Tak wygląda to od strony formalnej. Ale faktycznie fiskus niechętnie patrzy na przyznawanie dotacji barom mlecznym. Izby skarbowe zaczynają kwestionować rozliczenia ich właścicieli. I tak bary obecnie nie mogą sprzedawać np. kotletów schabowych, a to dlatego, że urzędnicy uznali je za… wegetariańskie.
To jednak tylko początek walki z barami mlecznymi. Urzędnicy skarbówki zaczęli sprawdzać wcześniejsze – już zaakceptowane – rozliczenia i doszukują się w nich błędów, mimo że sami je podpisali!
Co stanowi problem dla urzędników? – Zupa gotowana na szyjkach indyczych. Galaretka, która składa się z żelatyny produkowanej z kości, także stała się daniem mięsnym– mówi właściciel jednego z barów mlecznych.
Urzędnicy, tropiąc błędy w rozliczeniach, domagają się zwrotów dotacji. Jak zwraca uwagę w rozmowie z portalem wp.pl doradca podatkowy, Krzysztof Kunowski fiskus przestaje traktować kukurydzę słodką jako zboże, co oznacza, że formalnie nie należy się jej dofinansowanie. Ci, którzy takie otrzymali będą musieli je zwrócić.
- Nawet status pietruszki się zmienił. Dotąd rozliczano tylko jej korzeń. Teraz uznano, że także nać powinna być dofinansowana. Jeśli bar mleczny tego nie robił, musi zwrócić całość dotacji przyznanej na wszystkie produkty w miesiącu, w którym zupę doprawiono posiekaną pietruszką– tłumaczy Krzysztof Kunowski.
Urzędnicy uznają, że dofinansowanie musi być na wszystko albo na nic.

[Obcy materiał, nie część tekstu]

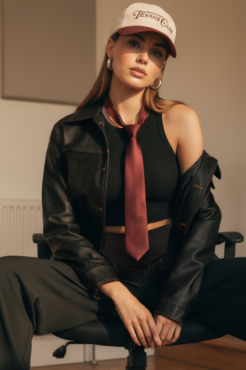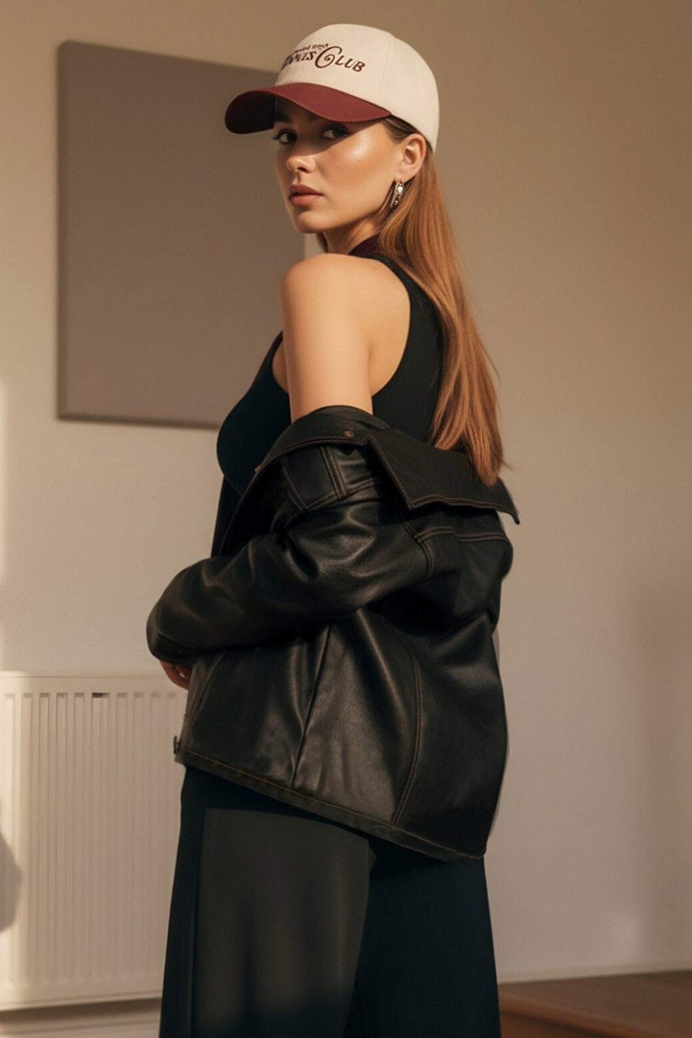 Chamarra efecto piel pespuntes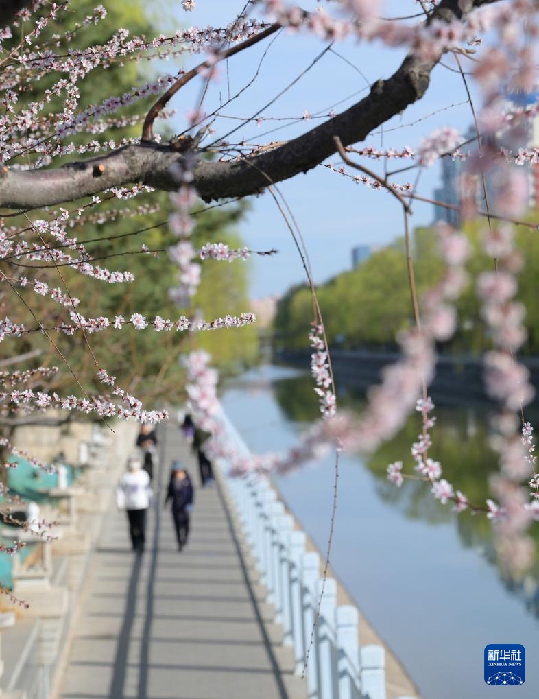 3月21日在北京市西城区白纸坊桥护城河畔拍摄的桃花。
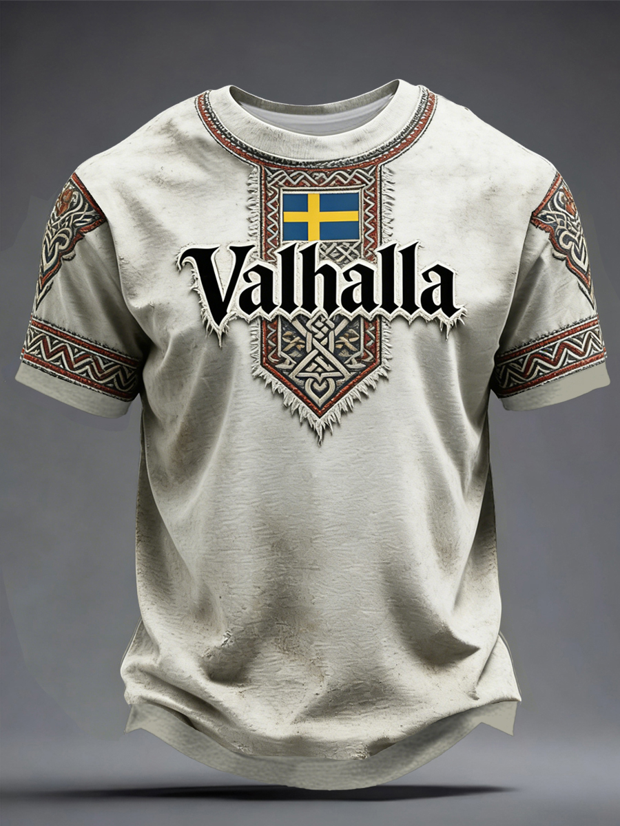 Herren T-Shirt im schwedischen Viking-Stil Val halla bedruckt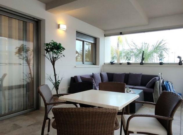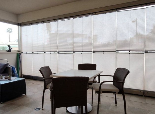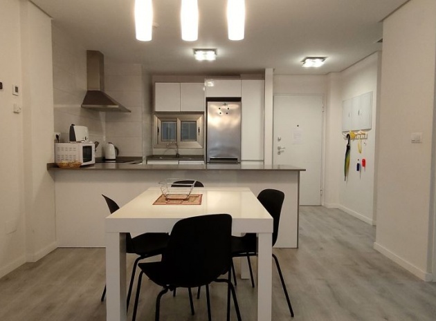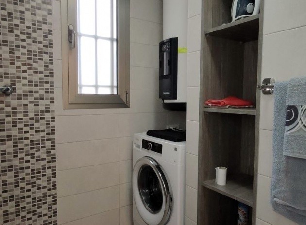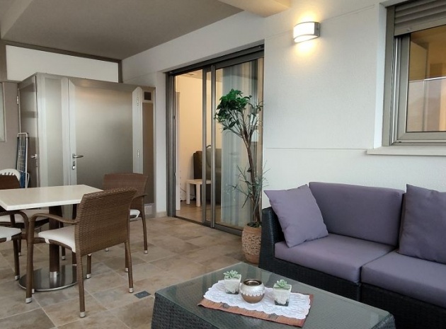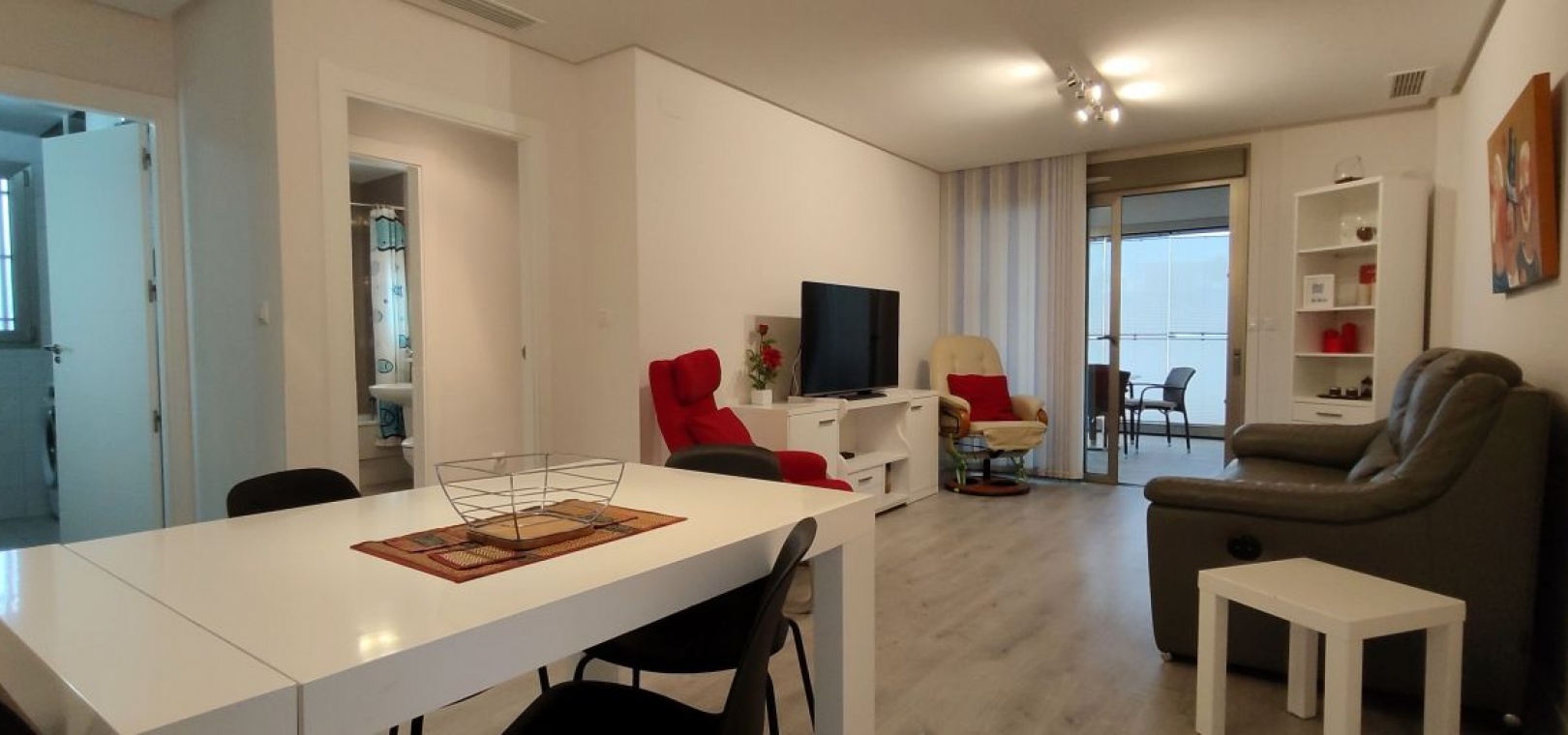 Moderne Erdgeschosswohnung im ALTIOS DE MEDITERRANEO – LOS DOLSES, Costa Blanca Süd Erleben Sie ein außergewöhnliches Wohnerlebnis in diesem geräumigen und modernen Apartment, das perfekt für Personen mit eingeschränkter Mobilität konzipiert ist. Dieses rollstuhlgerechte Anwesen liegt im lebhaften Viertel Los Dolses an der Costa Blanca Süd und bietet unvergleichlichen Komfort und Luxus. Die Wohnung verfügt über zwei gemütliche Schlafzimmer mit Einbauschränken und zwei elegante Badezimmer, darunter eine Master-Suite. Der weitläufige offene Wohnbereich ist das Herzstück des Hauses und nahtlos mit einer verglasten, multifunktionalen Terrasse verbunden, die den Wohnraum erweitert und die Wohnung noch geräumiger und luftiger erscheinen lässt – perfekt zum Entspannen oder Unterhalten. Die Wohnung wurde mit Blick auf eine einfache Zugänglichkeit konzipiert und ist über eine Rampe erreichbar, was sie ideal für Personen mit eingeschränkter Mobilität macht. Die verglaste Terrasse verleiht dem Wohnbereich eine weitere Dimension und bietet einen Außenbereich, der das ganze Jahr über genutzt werden kann und gleichzeitig das Gesamtgefühl von Raum und Licht verstärkt. In einer sicheren Wohnanlage gelegen, genießen die Bewohner die Ruhe, die ein privater Parkplatz direkt neben dem Gebäudeeingang mit sich bringt. Der Komplex bietet fantastische Annehmlichkeiten vor Ort, darunter einen Sommerpool, einen luxuriösen Wellnessbereich mit beheiztem Pool, Sauna und voll ausgestattetem Fitnessstudio. Diese Wohnung wird voll möbliert angeboten und verfügt über eine Klimaanlage mit Luftkanälen. Sie können sofort einziehen. Abgesehen von der Immobilie selbst finden Sie eine erstklassige Lage, die auf Schritt und Tritt Komfort bietet. Lokale Geschäfte, Bars und Restaurants sind nur einen kurzen Spaziergang entfernt, während Golfbegeisterte den 1 km entfernten Villamartin Golf and Plaza zu schätzen wissen. Strandliebhaber werden die Nähe zum nur 3 km entfernten Strand La Zenia zu schätzen wissen. Verpassen Sie nicht die Chance, dieses moderne Traumhaus in perfekter Küstenlage zu besitzen, das sowohl Ihren Komfort- als auch Ihren Zugänglichkeitsanforderungen gerecht wird.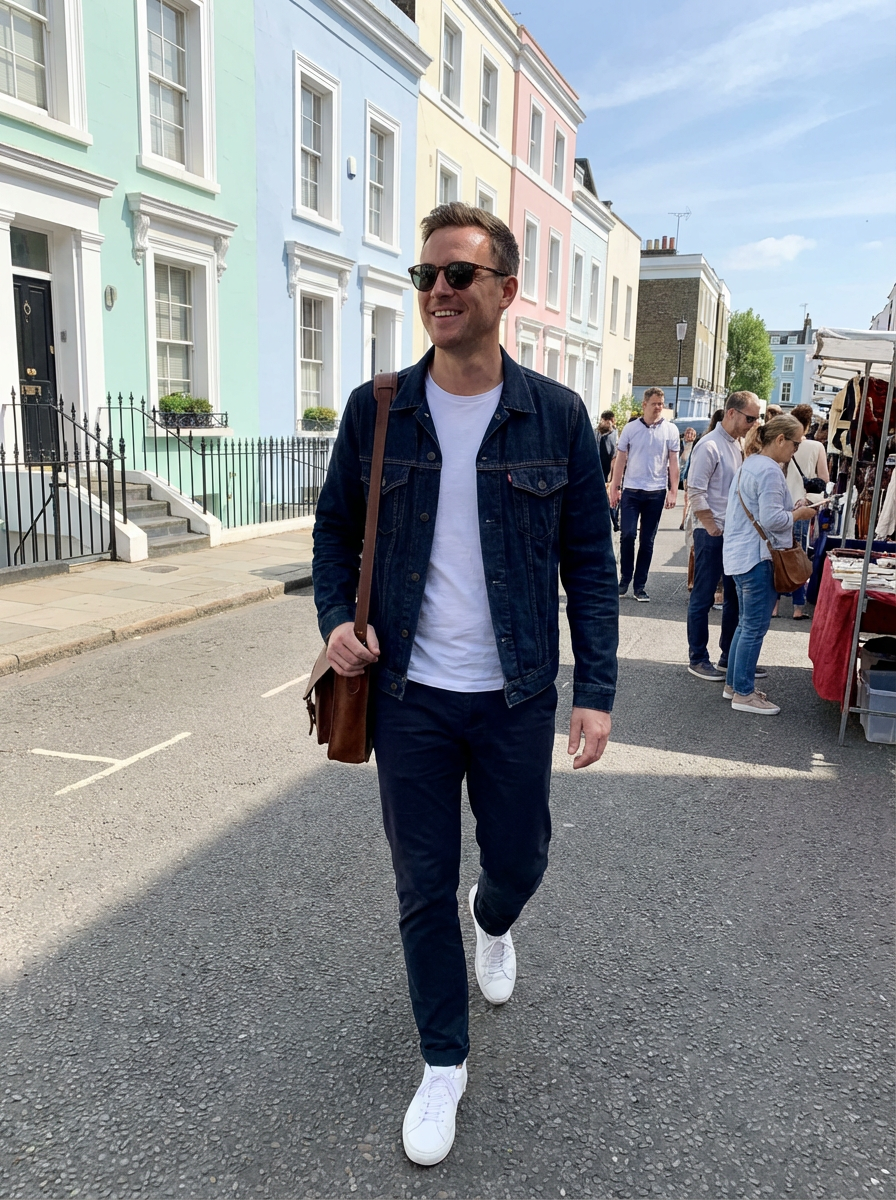 model in Notting Hill, colorful pastel houses, charming street scene, fashionable outfit, sunny day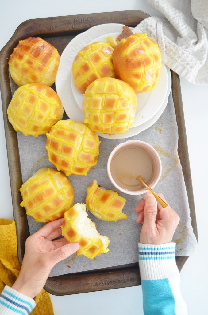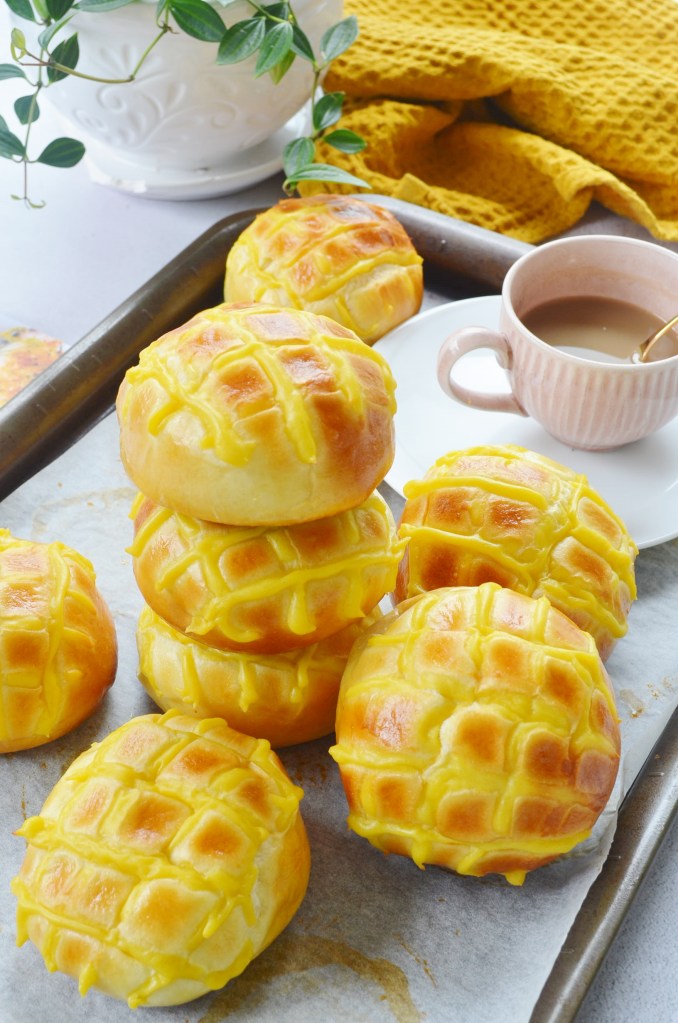 What truly sets these bread buns apart is the custard paste piped on top in a criss-cross pattern. Doesn’t it look beautiful? You can make it without it, but if you want something that is delicious and physically impressive, you have to put a bit extra effort. Just tad bit to elevate these buns. This light, creamy mixture creates a subtle sweetness and a beautifully golden, textured finish. The contrast between the soft potato-infused bun and the delicate custard makes for an unforgettable bite! Love it 🙂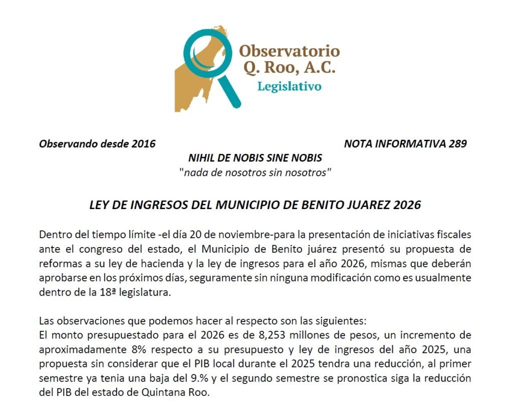 A tal conclusión ha llegado el Observatorio Legislativo de Quintana Ro en su boletín 289 que comenzó a circular este 25 de noviembre, al analizar el caso de Benito Juárez, en el rubro de los cambios e incrementos en el cobro de diversos derechos: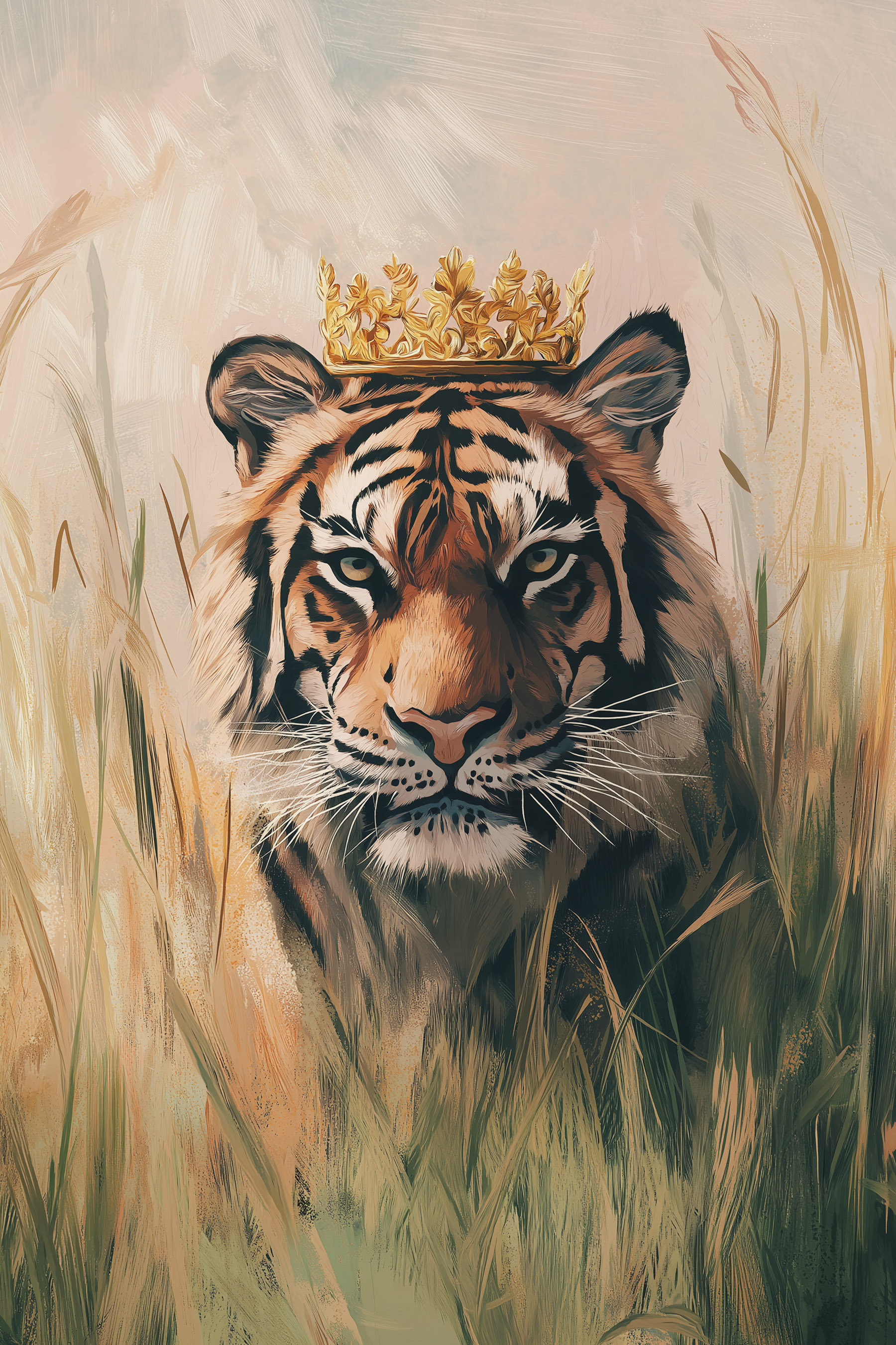 Pășiți într-o lume în care eleganța se întâlnește cu sălbăticia cu „Canvas Prints Tiger with a Crown”. Această piesă impresionantă prezintă un tigru maiestuos purtând o coroană, emanând o atmosferă regală care este în egală măsură feroce și fabuloasă. Imaginați-vă această frumusețe atârnând în sufrageria dvs., stârnind fără efort conversații. Este ca și cum ați avea o mică regină (sau rege) a junglei care veghează asupra spațiului dvs., amintindu-le tuturor că forța și grația pot coexista. În plus, nuanțele calde ale fundalului conferă o atmosferă confortabilă, perfectă pentru a vă cuibări cu o carte sau pentru a savura o ceașcă de ceai. Fie că doriți să faceți o declarație îndrăzneață sau doar să adăugați un plus de personalitate, această imprimare pe pânză aduce un strop de aventură în cotidian. Așadar, nu ezitați, lăsați tigrul să domnească pe peretele dvs. – la urma urmei, cine nu și-ar dori un strop de regalitate în casa sa?
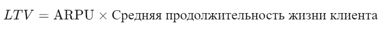 Средняя продолжительность жизни клиента — это срок, в течение которого клиент остаётся активным и приносит выручку (измеряется в месяцах или годах). Расширенная формула с учётом маржи:

Jeśli więc pojawiła się jakaś nieprawidłowość w dofinansowaniu, to dotacja musi zostać cofnięta.
Skutki działania fiskusa są zatrważające – mimo, że prawo pozwala barom mlecznym otrzymywać dotacje, maleje liczba ich właścicieli, którzy składają stosowne wnioski w tej sprawie.